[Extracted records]
***

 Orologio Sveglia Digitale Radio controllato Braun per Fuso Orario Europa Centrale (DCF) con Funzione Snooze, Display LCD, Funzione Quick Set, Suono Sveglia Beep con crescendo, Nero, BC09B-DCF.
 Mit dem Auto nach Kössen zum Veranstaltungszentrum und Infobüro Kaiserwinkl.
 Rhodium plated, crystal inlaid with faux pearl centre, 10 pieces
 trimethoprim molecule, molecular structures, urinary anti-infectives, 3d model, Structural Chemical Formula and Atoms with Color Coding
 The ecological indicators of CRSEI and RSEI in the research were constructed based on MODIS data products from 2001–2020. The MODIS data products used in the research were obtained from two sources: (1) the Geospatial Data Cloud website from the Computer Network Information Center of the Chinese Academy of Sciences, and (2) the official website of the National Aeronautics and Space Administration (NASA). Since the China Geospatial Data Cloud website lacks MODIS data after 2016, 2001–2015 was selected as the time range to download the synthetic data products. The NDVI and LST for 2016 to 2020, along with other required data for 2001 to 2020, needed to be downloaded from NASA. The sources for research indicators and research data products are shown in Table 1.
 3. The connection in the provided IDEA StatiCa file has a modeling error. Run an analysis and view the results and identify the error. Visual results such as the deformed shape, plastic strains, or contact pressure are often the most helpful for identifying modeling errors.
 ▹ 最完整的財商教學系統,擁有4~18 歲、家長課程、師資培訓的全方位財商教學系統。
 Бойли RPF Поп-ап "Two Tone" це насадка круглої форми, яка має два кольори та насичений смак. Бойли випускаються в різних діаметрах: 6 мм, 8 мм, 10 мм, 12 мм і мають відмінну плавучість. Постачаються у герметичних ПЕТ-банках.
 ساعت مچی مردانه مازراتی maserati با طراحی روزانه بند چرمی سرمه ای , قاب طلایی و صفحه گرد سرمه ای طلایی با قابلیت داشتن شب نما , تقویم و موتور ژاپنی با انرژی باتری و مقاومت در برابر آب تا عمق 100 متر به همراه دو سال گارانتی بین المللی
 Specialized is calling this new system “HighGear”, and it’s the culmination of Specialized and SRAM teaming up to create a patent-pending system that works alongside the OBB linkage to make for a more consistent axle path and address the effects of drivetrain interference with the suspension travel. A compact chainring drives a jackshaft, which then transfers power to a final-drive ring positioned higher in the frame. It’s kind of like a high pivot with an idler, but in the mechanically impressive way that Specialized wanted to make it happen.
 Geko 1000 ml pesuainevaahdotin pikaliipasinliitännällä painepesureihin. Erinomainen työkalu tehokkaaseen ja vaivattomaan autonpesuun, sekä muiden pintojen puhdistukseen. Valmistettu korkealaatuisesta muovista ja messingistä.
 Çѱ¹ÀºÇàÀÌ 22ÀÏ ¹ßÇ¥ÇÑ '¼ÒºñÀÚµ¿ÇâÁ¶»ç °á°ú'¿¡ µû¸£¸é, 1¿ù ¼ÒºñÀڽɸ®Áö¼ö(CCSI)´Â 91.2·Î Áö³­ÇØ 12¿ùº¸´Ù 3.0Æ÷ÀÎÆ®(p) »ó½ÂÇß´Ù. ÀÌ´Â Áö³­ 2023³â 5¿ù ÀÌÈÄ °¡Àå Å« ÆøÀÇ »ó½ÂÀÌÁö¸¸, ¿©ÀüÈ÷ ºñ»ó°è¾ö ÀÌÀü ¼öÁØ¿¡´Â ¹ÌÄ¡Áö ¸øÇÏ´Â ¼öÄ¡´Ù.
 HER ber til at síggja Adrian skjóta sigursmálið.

***

= EXERCISE GOAL =
Take the records above and copy them out exactly.

= COMPLETED TASK =
 Orologio Sveglia Digitale Radio controllato Braun per Fuso Orario Europa Centrale (DCF) con Funzione Snooze, Display LCD, Funzione Quick Set, Suono Sveglia Beep con crescendo, Nero, BC09B-DCF.
 Mit dem Auto nach Kössen zum Veranstaltungszentrum und Infobüro Kaiserwinkl.
 Rhodium plated, crystal inlaid with faux pearl centre, 10 pieces
 trimethoprim molecule, molecular structures, urinary anti-infectives, 3d model, Structural Chemical Formula and Atoms with Color Coding
 The ecological indicators of CRSEI and RSEI in the research were constructed based on MODIS data products from 2001–2020. The MODIS data products used in the research were obtained from two sources: (1) the Geospatial Data Cloud website from the Computer Network Information Center of the Chinese Academy of Sciences, and (2) the official website of the National Aeronautics and Space Administration (NASA). Since the China Geospatial Data Cloud website lacks MODIS data after 2016, 2001–2015 was selected as the time range to download the synthetic data products. The NDVI and LST for 2016 to 2020, along with other required data for 2001 to 2020, needed to be downloaded from NASA. The sources for research indicators and research data products are shown in Table 1.
 3. The connection in the provided IDEA StatiCa file has a modeling error. Run an analysis and view the results and identify the error. Visual results such as the deformed shape, plastic strains, or contact pressure are often the most helpful for identifying modeling errors.
 ▹ 最完整的財商教學系統,擁有4~18 歲、家長課程、師資培訓的全方位財商教學系統。
 Бойли RPF Поп-ап "Two Tone" це насадка круглої форми, яка має два кольори та насичений смак. Бойли випускаються в різних діаметрах: 6 мм, 8 мм, 10 мм, 12 мм і мають відмінну плавучість. Постачаються у герметичних ПЕТ-банках.
 ساعت مچی مردانه مازراتی maserati با طراحی روزانه بند چرمی سرمه ای , قاب طلایی و صفحه گرد سرمه ای طلایی با قابلیت داشتن شب نما , تقویم و موتور ژاپنی با انرژی باتری و مقاومت در برابر آب تا عمق 100 متر به همراه دو سال گارانتی بین المللی
 Specialized is calling this new system “HighGear”, and it’s the culmination of Specialized and SRAM teaming up to create a patent-pending system that works alongside the OBB linkage to make for a more consistent axle path and address the effects of drivetrain interference with the suspension travel. A compact chainring drives a jackshaft, which then transfers power to a final-drive ring positioned higher in the frame. It’s kind of like a high pivot with an idler, but in the mechanically impressive way that Specialized wanted to make it happen.
 Geko 1000 ml pesuainevaahdotin pikaliipasinliitännällä painepesureihin. Erinomainen työkalu tehokkaaseen ja vaivattomaan autonpesuun, sekä muiden pintojen puhdistukseen. Valmistettu korkealaatuisesta muovista ja messingistä.
 Çѱ¹ÀºÇàÀÌ 22ÀÏ ¹ßÇ¥ÇÑ '¼ÒºñÀÚµ¿ÇâÁ¶»ç °á°ú'¿¡ µû¸£¸é, 1¿ù ¼ÒºñÀڽɸ®Áö¼ö(CCSI)´Â 91.2·Î Áö³­ÇØ 12¿ùº¸´Ù 3.0Æ÷ÀÎÆ®(p) »ó½ÂÇß´Ù. ÀÌ´Â Áö³­ 2023³â 5¿ù ÀÌÈÄ °¡Àå Å« ÆøÀÇ »ó½ÂÀÌÁö¸¸, ¿©ÀüÈ÷ ºñ»ó°è¾ö ÀÌÀü ¼öÁØ¿¡´Â ¹ÌÄ¡Áö ¸øÇÏ´Â ¼öÄ¡´Ù.
 HER ber til at síggja Adrian skjóta sigursmálið.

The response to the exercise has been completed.